March Capital Partners' Jim Armstrong On A New, $240M Venture Fund

Story by Benjamin F. Kuo


Santa Monica-based March Capital Partners ( has just announced a brand new, $240M venture investment fund, led by longtime venture investing veterans Jim Armstrong, Sumant Mandal, Gregory Milken and Jamie Montgomery. We caught up with Jim Armstrong to learn more about the new fund, areas of interest, his insights into what makes startups successful, and where he thinks the venture market is today.

What is the investment focus for this fund?

Jim Armstrong: It's broadly technology, from consumer Internet, to marketplaces, from Internet infrastructure to enterprise software. Those are broad areas, but we are not doing some deals like we have in the past, in biotech and other areas. I think there are a lot of opportunities across all of these areas of technology, especially as it relates to Southern California.

We know you invest globally, but are there specific kinds of companies you hope to focus on here in Southern California?

Jim Armstrong: In the consumer space, we know it's really a hit or miss business, but the number of shots on goals in that area have been tremendous. I spent the morning at Cross Campus, and saw some amazing things in the augmented reality area. At Idealab, we saw many shots on goal with companies who were consumer focused, and we have found the quality of entrepreneurs going to consumer Internet companies has changed dramatically, which represents a real opportunity. So, you will see March participating in the early stage with consumer companies. When it gets to Internet infrastructure, we've obviously seen a lot of past success around Rubicon Project, and investments in companies like Bridg, so whether it's new ad technology, new ad formats, internet infrastructure, or in helping companies to manage digital marketing, we've found that's a great area for Southern California companies, plus many in Northern California. Southern California, in particular, has a lot of talent in ad tech. On the B2B marketplace side, that area has been an interest of our fund, and has been for awhile. We are seeing a lot of success at SupplyFrame, and also at a past investment of ours at LeisureLink, which has a marketplace for vacation homes.

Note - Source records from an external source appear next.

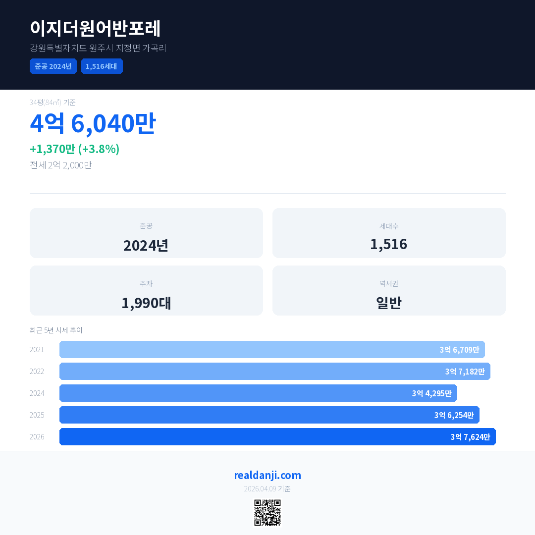 이지더원어반포레 국민평형 기준 2026년 평균 거래가는 3억 7,624만으로, 전년 대비 3.8% 상승 했습니다.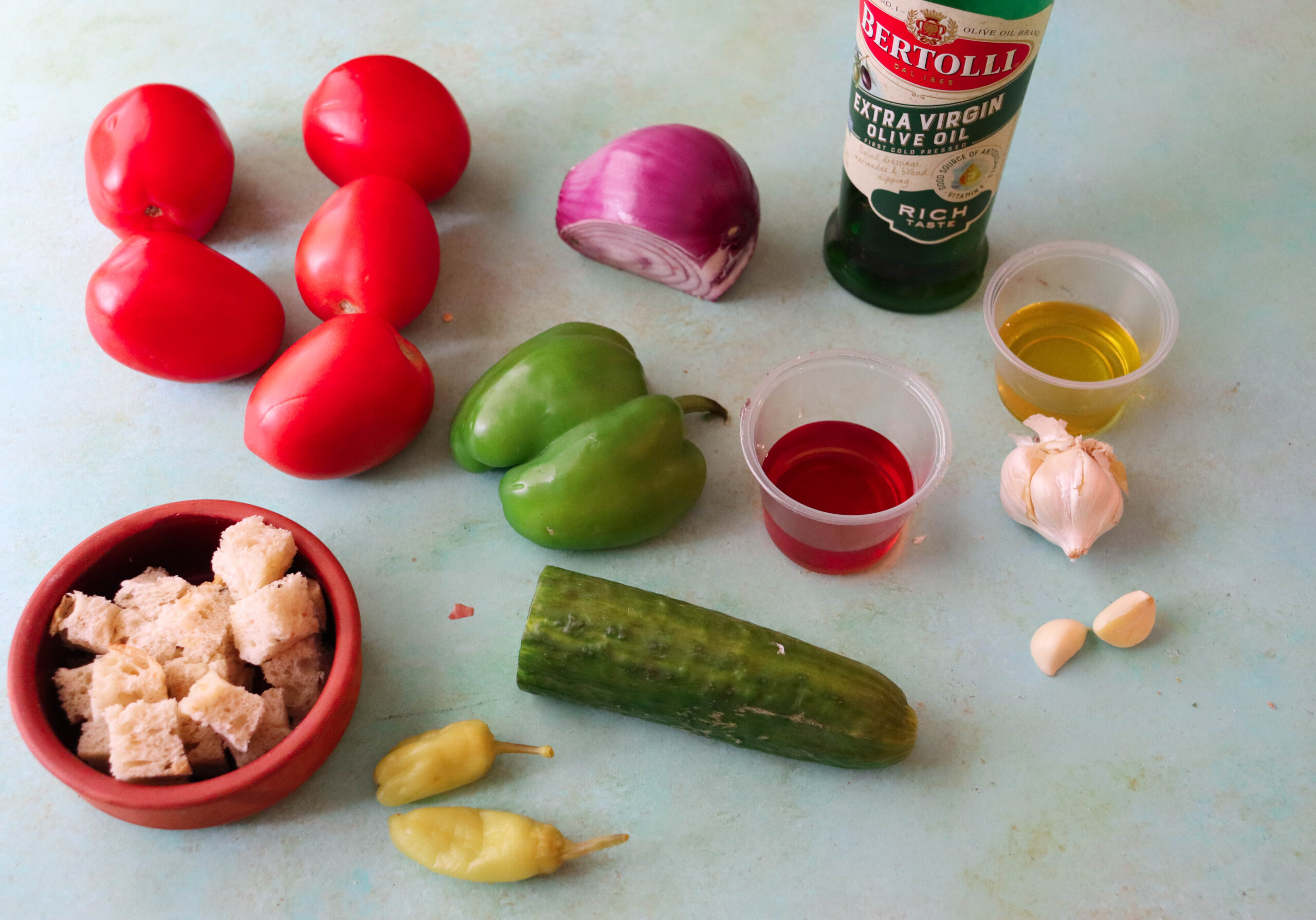Slice the tomatoes in half, remove the core and seeds. Chop roughly into 1/2 inch chunks and set aside. Cut the green bell pepper in half, remove white pith and seeds. Set aside 1/4 of the pepper to be used later for the garnish. Roughly chop the remainder into 1/2 inch chunks. Remove skin from the garlic, cut in half and then dice. Chop the red onion coarsely. Chop the Greek Peperoncini peppers in half, if using. Slice the cucumber in half, peel and remove excess seeds. Set aside 1/4 of the cucumber to be used later for garnish., Chop the remainder into large chunks. Add the tomatoes first to the blender, then add the peppers, garlic, onion, and cucumber. Add the sherry vinegar and salt. Blend on low speed first for 15 seconds, then on high speed until the mixture is pureed. With the motor running, add 1/2 cup Extra Virgin Olive Oil to the blender and run on low until the oil is emulsified. Remove the crust from one piece of bread and cut into medium-sized pieces. Add the bread pieces to the blender and blend until the soup reaches the desired thickness. If necessary, add cold water to the soup to thin it down. Taste and adjust for seasoning and flavor balance. Pour the soup into a bowl and chill in the fridge for at least 30minutes. For garnish, add finely chopped onion, diced green or red bell peppers, croutons, chopped cucumber, or cilantro.Gazpacho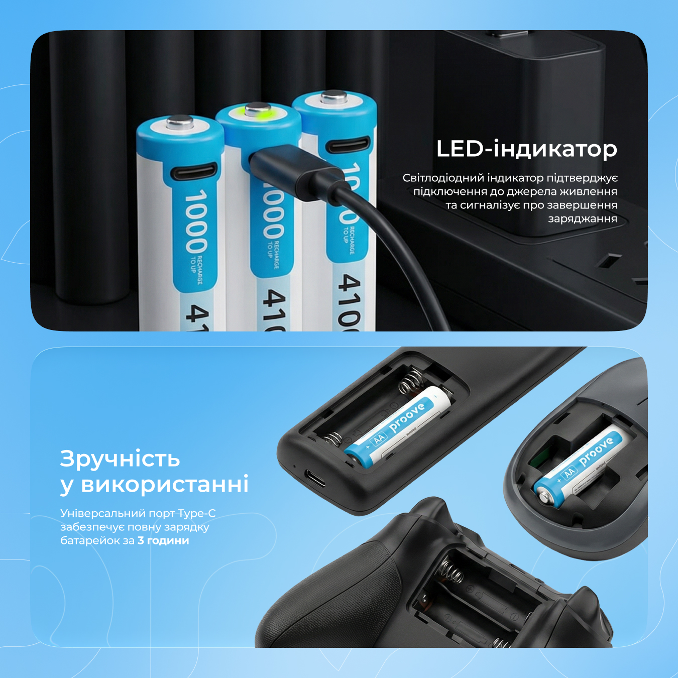Підходить для різноманітних пристроїв: пульти дистанційного керування, мишки та клавіатури, ліхтарики, дитячі іграшки, годинники, фотоапарати та інші гаджети, які працюють на батарейках формату AA. Завдяки багаторазовому заряджанню є практичним рішенням для пристроїв з постійним або частим використанням.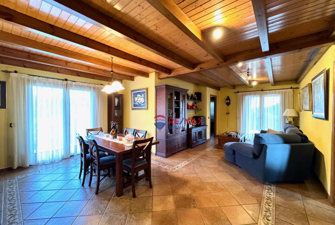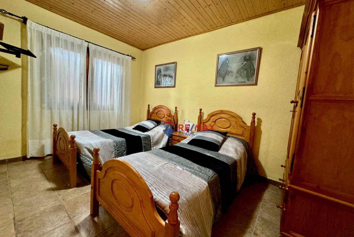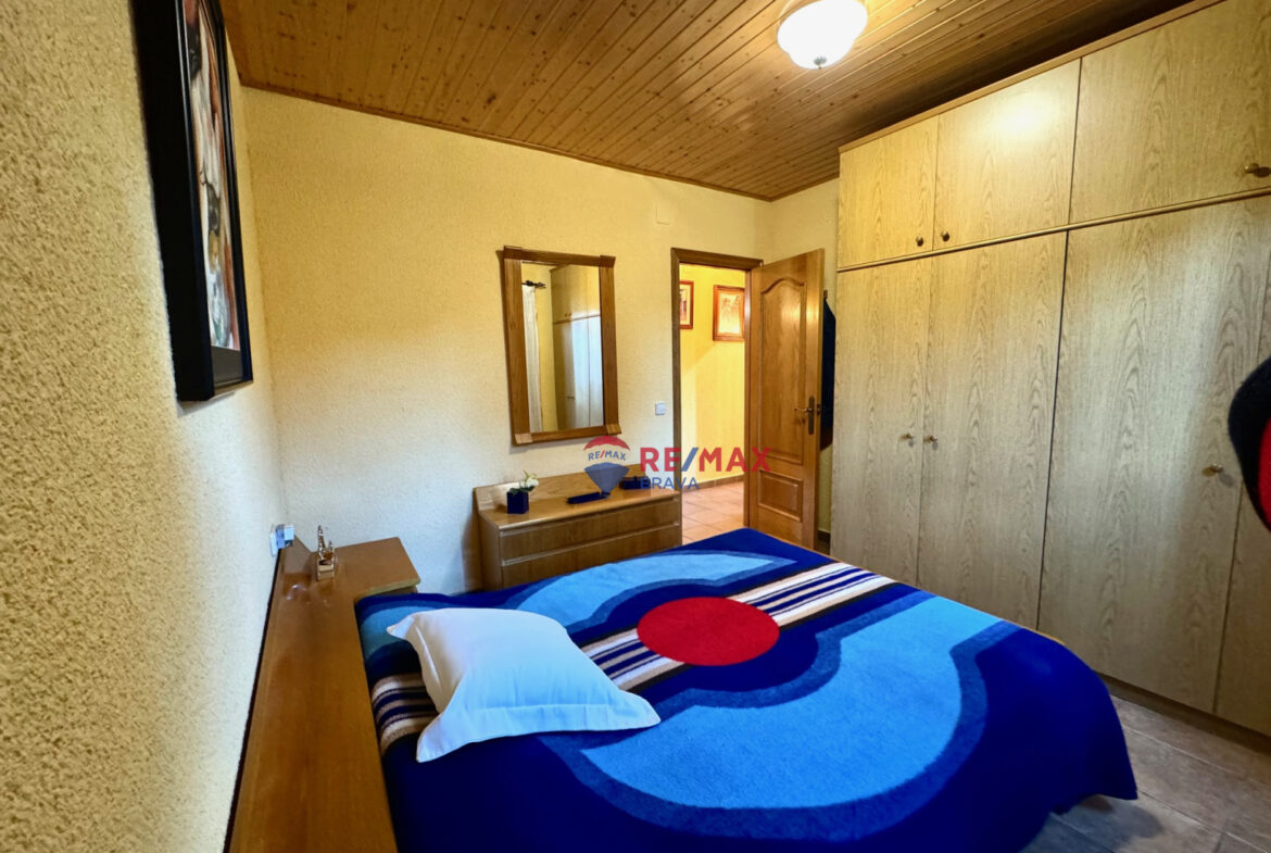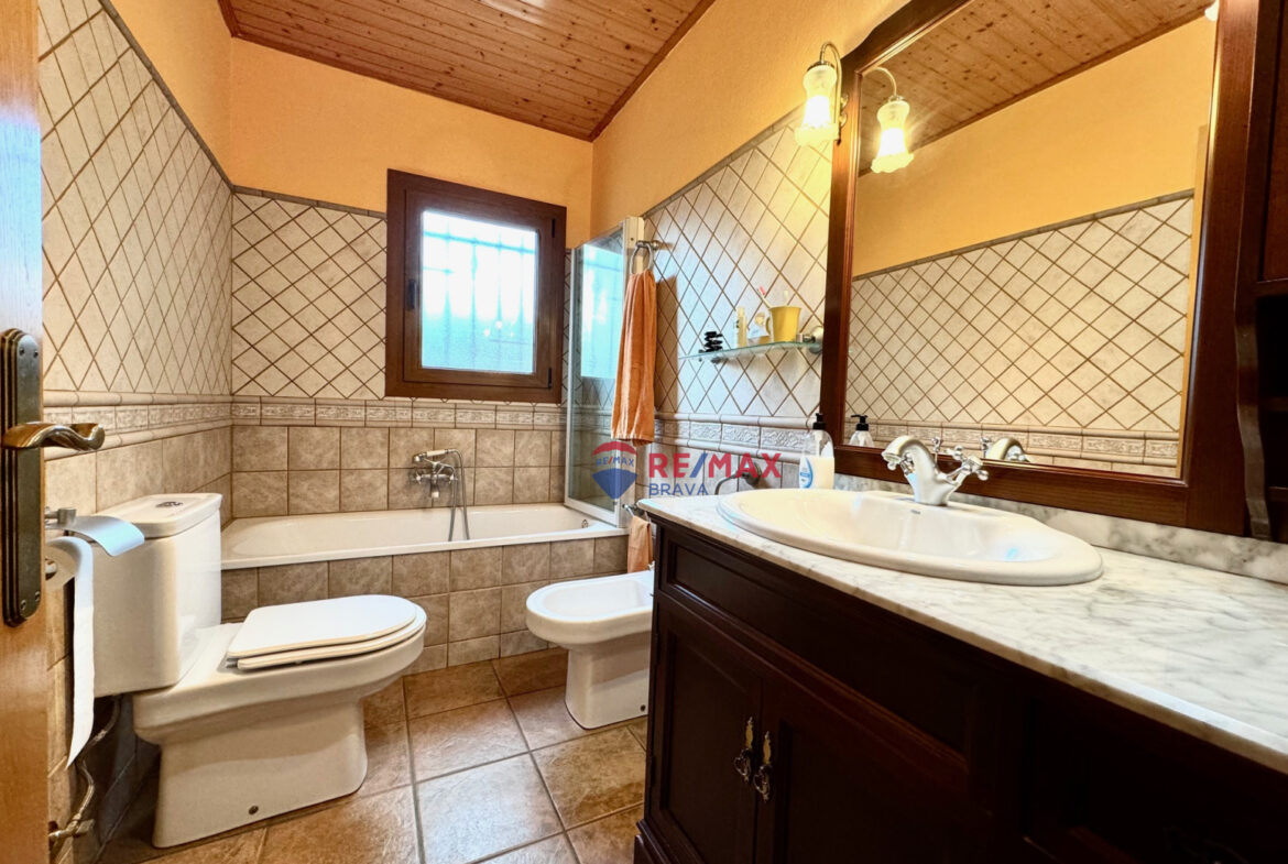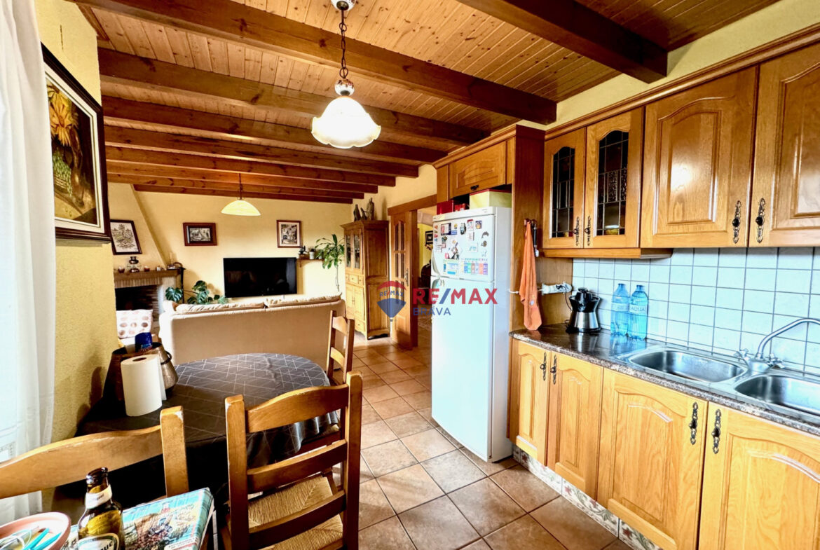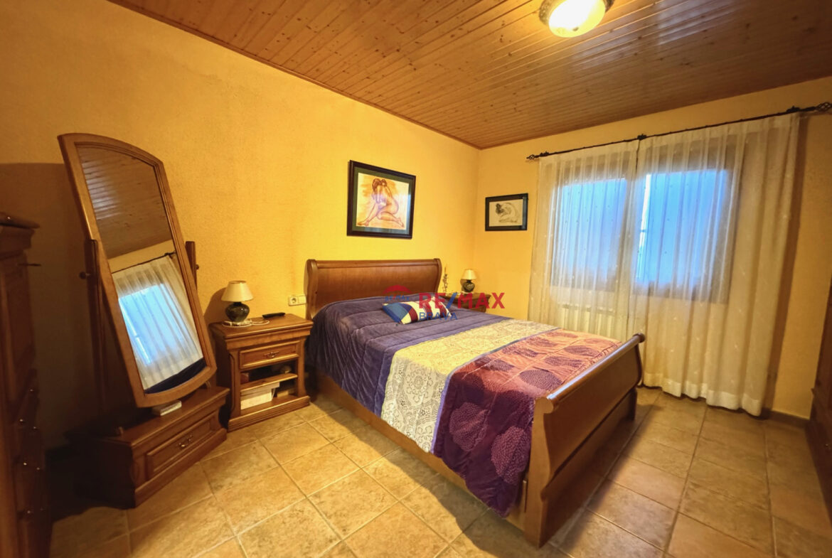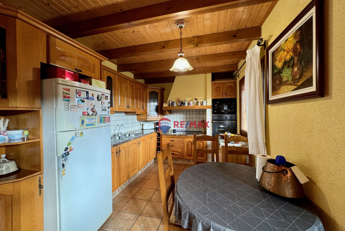 CALV06 Calonge: Casa. Magnífica villa con encanto y acabados de primera calidad! Construida en 2002, esta propiedad ofrece una amplia entrada, salón con elegante techo de madera, comedor con chimenea y cocina equipada. Cuenta con una suite principal, dos habitaciones dobles y un baño completo. Gran terraza cubierta para disfrutar del exterior. En el sótano, taller de 30 m² con aire acondicionado, cocina de verano y garaje para tres coches. Caseta de barbacoa, piscina de 8×4 m, jardín con frutales y pozo propio completan este oasis único. ¡Una oportunidad excepcional.~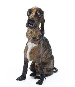Smit concepisce ogni scultura come un’entità autonoma, destinata a esistere indipendentemente dall’artista stesso, se osservate da vicino, le superfici sembrano costruire un’immagine disegnata nello spazio, trasformando ogni figura in un’opera che cattura lo sguardo e invita l’osservatore a perdersi nei dettagli. Gli animali, così spesso presenti nel suo immaginario, assumono un’aura che va oltre il loro aspetto: sono creature vulnerabili e allo stesso tempo portatrici di un segreto. I “Bloedhonden” , con i loro occhi malinconici e i corpi segnati,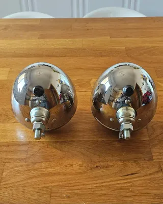 PRECIOSOS FAROS ORIGINALES HELLA de larga distancia fabricados en Alemania Ideales para restauración de coches clasicos para MINI PORCHE VW BMW Producto descatalogado muy dificil de encontrar i mas a precios razonables. Uno de los faros tiene una ligera marca en la parte lateral inferior apenas visible por el gran brillo de la carcasa cromada

There's also a great network effect happening in the area of industry clouds, and network capitalism, which is not just marketing poof. That network effect is a subtle but has a powerful effect with all this new technology. You'll see we have several enterprise software companies already in the March portfolio. Enterprises are under a lot of pressure to produce great product under fast cycles. If you look at an enterprise developer of IT team with DevoOs, they have to create applications, manage those applications, and now are dealing with open source, hundreds of different web services, network elements, all virtualized and with containers and new tools. We've had a lot of focus on the cloud and that area, especially as the cloud is hollowing out IT. All of that represents opportunity, as well.

As veterans of the venture business, biggest lesson you are applying to this new fund?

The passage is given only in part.